Recently I discovered (thanks to my sister) the William Kent Krueger novels of the upper Minnesota Boundary Waters area, which again play to the interface between the Native Americans and the Caucasian and other late-comers. I’ve only read three of his titles, Boundary Waters being one of them, but I’ll continue as I can find them.
I also enjoy stories with strong female protagonists, and humor helps. I think I’ve read all of Janet Evanovich’s Stephanie Plum mysteries, and I’ve liked the Sue Grafton “A is for…” series, though I feel Grafton’s earlier novels had more interesting character development.
I’ve found books by Kat Martin, Linda Howard, Tami Hoig to be quite interesting. And I have a special fondness for the Carl Hiaasen books, which are just marvelous fun; ask the librarian for Strip Tease or Skinny Dip — no, they’re not porn, just funny.
Books by Nelson DeMille, especially Wild Fire, Up Country, and The General’s Daughter I have enjoyed.
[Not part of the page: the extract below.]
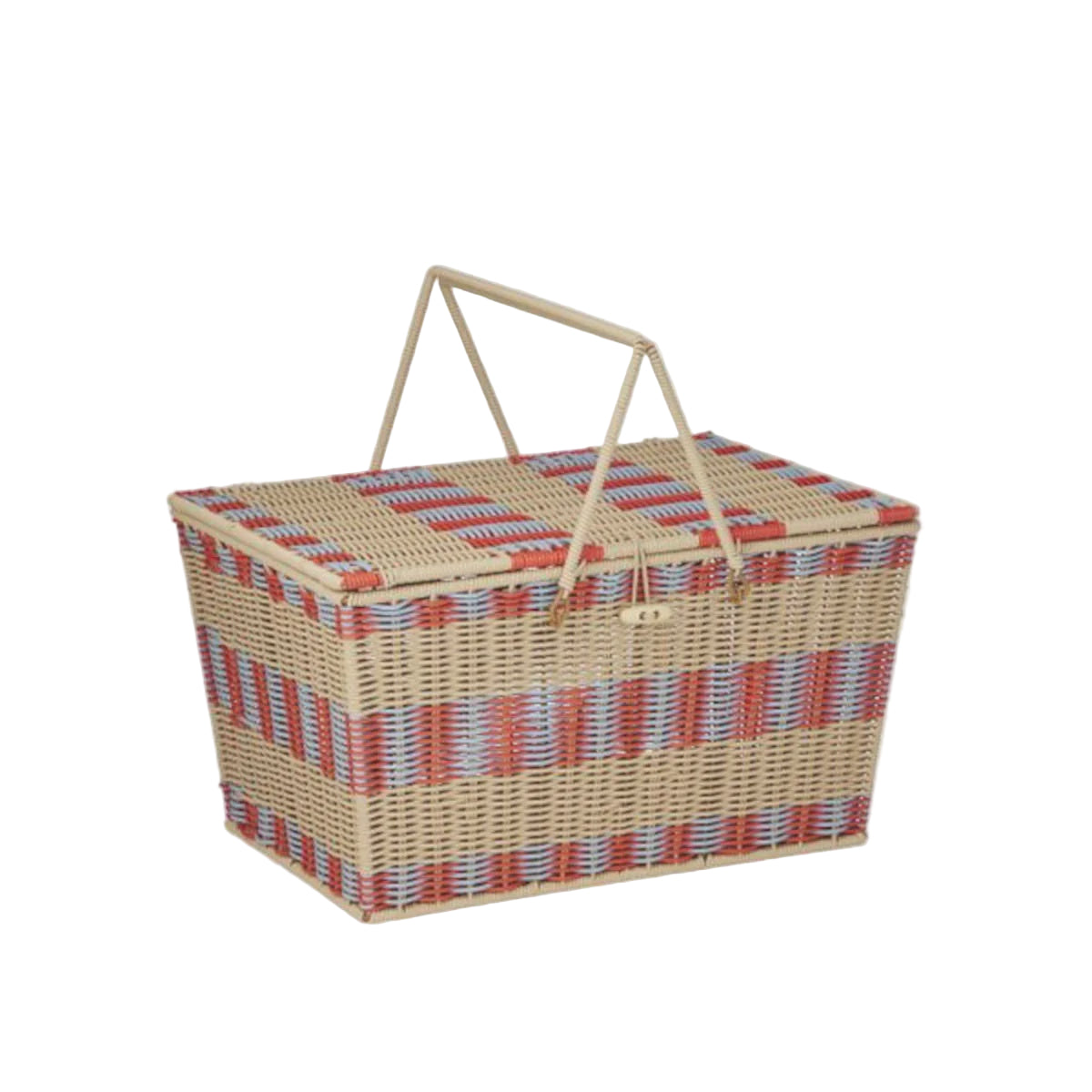 The Capri Woven Basket in Red and Blue adds a pop of color to your storage solutions. Perfect for organizing items around the home, serving as a decorative accent, or to come out with you on picnics. Its sturdy design ensures both functionality and style.

The Steve Berry novels, such as The Alexandria Link, The Templar Legacy, The Venetian Betrayal and The Paris Vendetta are very engrossing and interesting.

Lately I’ve been trying to go through the Nevada Barr series about Anna Pigeon, novels set in National Parks, generally, starting with Track of the Cat. And I’m working my way through the Patricia Cornwell mystery series featuring Kay Scarpetti, medical examiner, and also the novels of Stuart Woods (there are so many of the Stone Barrington series), very formulaic, but still easy reading and enjoyable.
Fascinating and touching are the tales of Ivan Doig. Ride with Me, Mariah Montana, The Eleventh Man, and Mountain Time and his others are all very good reads.
My Non-Fiction post, when I get around to it, will reflect other interests, but will not duplicate the bibliography in my WhyStudyMoney web site.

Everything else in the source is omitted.